$TIDE Seashell Formulas

This document describes the generalistic formulas to allocate Seashells (Points) to individual users of TideFlow participating in free games and wager games. Seashells will later be converted into $TIDE tokens.

Participation in free and wager games is tracked separately

Silver Seashells
- Awarded for free games
- Reward currency for social tasks
Gold Seashells
- Exclusively earned for playing wager games

This ensures an effective airdrop allocation to players. Players of wager games will be adequately rewarded, preventing dilution by free-to-play users.
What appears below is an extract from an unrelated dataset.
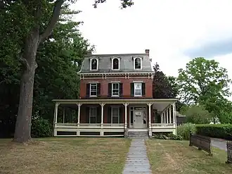 This distinctive brick house was built in 1840 with Greek Revival features, but was remodeled in 1870 with a Second Empire style mansard roof. Ithmar Conkey, for whom it was built, was a prominent local lawyer and businessman, who was also active in regional civic affairs. In 1868, it was acquired by Abiel Stevens, whose wife was the sister-in-law of Sidney Dillon, an executive of the Union Pacific Railroad. Their son Albert worked for the railroad, and used his earnings to refashion the house in the Second Empire style. The house remained in the Stevens family until 1977.[3]

Determining Seashells Per Game

Initially we have to define the total number of seashells available for distribution in a single multiplayer game.

At its simplest, the total number of seashells within a single lobby is calculated as such:

$\text{Total Seashells in game =Total number of players General Boost Community Boost Wager Boost}$

General Boost: Note that the “General Boost” is set at 100% across all community sizes. This is in order to give two Seashells/player as a base rate.

Community Boost: Scale with the number of players that join one single game to incentivize larger communities.

Wager Boost (only in wager games): Scales with the wager each participant in a game bets by that incentivizing communities or games with larger wagers.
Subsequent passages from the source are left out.